TLE Kidding Me. Obviously fast.


  • 0
    B

    This causes a TLE in case of (9,8)
    After comparing with other accepted kernals in other questions, I ran all for 999 times and found it obviously faster in this case and return right result.
    The logic is recursion: first arrange [1,2,3,.... k] when k=n
    then the result of combine(n) will cover all result of combine(n-1) and those which replace one digit in all single list in result of combine(n-1).
    Not fast in most case but at least in this case (9,8) and works.
    Why TLE?

    public class Solution {
    
    public List<List<Integer>> combine(int n, int k) {
        if(k>n)
            return Collections.<List<Integer>>emptyList();
        List<List<Integer>> ans = new ArrayList<List<Integer>>();
    
        if(n==k){
            ArrayList<Integer> newlist = new ArrayList<Integer> ();
            for(int i = 1; i<= n; i++){
                newlist.add(i);
            }
            ans.add(newlist);
        }else{
            List<List<Integer>> pre = combine(n-1,k);
            for(final List<Integer> oldlist: pre){
                ans.add(oldlist);
                for(int j = 0; j<k;j++){
                    List<Integer> newlist = new ArrayList<Integer> (oldlist);
                    newlist.set(j,n);
                    ans.add(newlist);
                }
            }
        }
        return ans;
    
    }

  • 0
    J

    I don't know Java.
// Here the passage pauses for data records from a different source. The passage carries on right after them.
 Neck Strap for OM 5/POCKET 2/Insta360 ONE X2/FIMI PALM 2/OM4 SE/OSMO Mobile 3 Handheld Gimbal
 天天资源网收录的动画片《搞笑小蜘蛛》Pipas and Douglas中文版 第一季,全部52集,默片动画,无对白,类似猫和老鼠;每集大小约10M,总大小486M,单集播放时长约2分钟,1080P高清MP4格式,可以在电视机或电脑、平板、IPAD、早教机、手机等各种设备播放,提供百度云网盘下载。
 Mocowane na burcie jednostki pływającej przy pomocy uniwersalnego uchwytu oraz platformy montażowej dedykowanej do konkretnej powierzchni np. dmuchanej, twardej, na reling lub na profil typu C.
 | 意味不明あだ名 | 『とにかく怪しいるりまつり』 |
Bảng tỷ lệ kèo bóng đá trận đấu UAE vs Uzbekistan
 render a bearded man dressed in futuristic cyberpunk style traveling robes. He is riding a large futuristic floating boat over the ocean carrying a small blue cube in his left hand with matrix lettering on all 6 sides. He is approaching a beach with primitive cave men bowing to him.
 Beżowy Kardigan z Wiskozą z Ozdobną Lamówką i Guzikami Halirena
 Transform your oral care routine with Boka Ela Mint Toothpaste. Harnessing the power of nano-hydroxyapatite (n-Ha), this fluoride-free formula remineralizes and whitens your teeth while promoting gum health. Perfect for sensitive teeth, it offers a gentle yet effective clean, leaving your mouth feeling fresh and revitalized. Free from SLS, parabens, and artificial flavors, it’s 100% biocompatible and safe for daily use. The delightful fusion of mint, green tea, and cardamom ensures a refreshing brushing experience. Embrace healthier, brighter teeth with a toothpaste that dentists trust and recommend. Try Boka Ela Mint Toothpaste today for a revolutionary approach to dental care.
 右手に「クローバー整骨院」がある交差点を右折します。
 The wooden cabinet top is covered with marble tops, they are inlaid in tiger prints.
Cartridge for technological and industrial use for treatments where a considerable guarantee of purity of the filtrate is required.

But do you think copy the old list every time is efficient?


  • 0
    W

    I tried the same code but I don't the efficiency of copying old list is low since we eventually construct the same amount of lists. So I guess something wrong with the copying -- elements in lists point to the same Object and cause the evaluation of OJ into infinite loop.


  • 3
    N

    First of all, when it reported TLE with last input was (9, 8), it does not necessarily mean it is this input is error-prone, but means you got timed out when running this input. And in this case, input (9, 8), perfectly works. The problem is when input n - k > 1, for example, input (3, 1), your program will return [[1],[2],[3],[3]] which contains duplicates. Number of duplicates will get much more when the difference between n and k grows. That's where it cost more time. So unfortunately the algorithm has something fundamentally wrong : ( But, really genius thought!


  • 0
    B

    Thanks so much! You've pointed out the most valuable point.
    After consideration, I know it's wrong about my algorithm and it's also low efficient for general case. When I tried to get input(5,2) and the input(4,2) return something like {4,3;4,2;4,1;} by replacing the second position with '5', we get three same list. I have to remove duplicate and it's quite costly.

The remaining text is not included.